Type Casting -- Optimization Exercises¶

Optimize each slow type casting pattern. Measure the improvement with timeit.

Score Card¶

#	Difficulty	Topic	Type	Optimized?	Speedup
1	Easy	f-string vs str() concatenation	CPU	[ ]	___x
2	Easy	map(int) vs comprehension	CPU	[ ]	___x
3	Easy	set() for deduplication	CPU	[ ]	___x
4	Medium	Avoid repeated int() on same values	CPU	[ ]	___x
5	Medium	Local variable lookup for built-ins	CPU	[ ]	___x
6	Medium	Batch struct.pack vs individual	CPU/Memory	[ ]	___x
7	Medium	Pre-validated vs try/except casting	CPU	[ ]	___x
8	Hard	NumPy vectorized conversion	CPU	[ ]	___x
9	Hard	array.array vs list for homogeneous data	Memory	[ ]	___x
10	Hard	Multiprocessing for bulk casting	CPU	[ ]	___x

Total optimized: ___ / 10

Exercise 1: f-string vs str() Concatenation¶

Difficulty: Easy

import timeit

# SLOW: String concatenation with str()
def format_message_slow(name: str, age: int, score: float) -> str:
    """Build a message using str() concatenation."""
    return "Name: " + str(name) + ", Age: " + str(age) + ", Score: " + str(score)

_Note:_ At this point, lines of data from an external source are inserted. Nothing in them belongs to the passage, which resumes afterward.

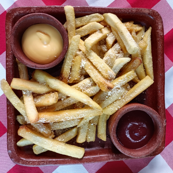 Tiras de papa sazonadas y fritas. Acompañadas de cátsup, queso amarillo y queso parmesano.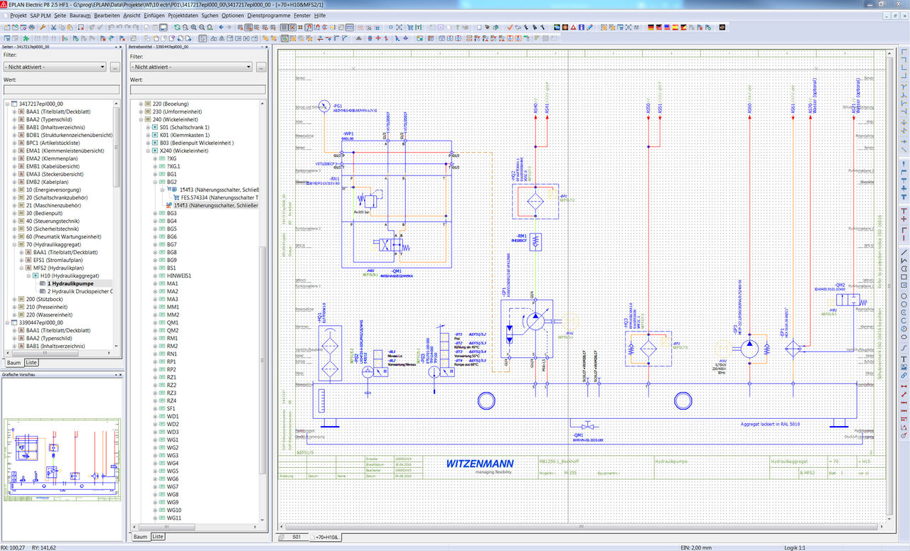 This makes the company a specialist in providing assemblies requiring the manufacture of flexible components. Witzenmann uses Eplan Electric P8, currently Version 2.5, for the electrical engineering of all it’s machines. The Eplan Pro Panel solution has also been installed at Pforzheim for control cabinet engineering and the Eplan Fluid software for fluid power engineering.
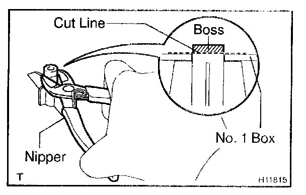 a. Cut off the boss using a nipper to make the level of the surface equal to the No. 1 box.

name, age, score = "Alice", 30, 95.5

slow_time = timeit.timeit(lambda: format_message_slow(name, age, score), number=1_000_000)
print(f"Slow (str + concat): {slow_time:.4f}s")

Hint

f-strings are compiled to a single `FORMAT_VALUE` + `BUILD_STRING` bytecode sequence, avoiding multiple `LOAD_GLOBAL` + `CALL` instructions for each `str()` call.

Optimized Solution

import timeit

name, age, score = "Alice", 30, 95.5

# SLOW
def format_slow(name, age, score):
    return "Name: " + str(name) + ", Age: " + str(age) + ", Score: " + str(score)

# FAST: f-string
def format_fast(name, age, score):
    return f"Name: {name}, Age: {age}, Score: {score}"

slow_time = timeit.timeit(lambda: format_slow(name, age, score), number=1_000_000)
fast_time = timeit.timeit(lambda: format_fast(name, age, score), number=1_000_000)

print(f"Slow (concat): {slow_time:.4f}s")
print(f"Fast (f-str):  {fast_time:.4f}s")
print(f"Speedup:       {slow_time / fast_time:.1f}x")
# Typical speedup: 2-3x

**Why it's faster:** The `str() + concatenation` approach performs 3 global lookups (`str`), 3 function calls, and 5 string concatenations (each creating a new string object). The f-string approach uses `FORMAT_VALUE` bytecode instructions that directly call `tp_str` on each object and `BUILD_STRING` to combine them in a single allocation.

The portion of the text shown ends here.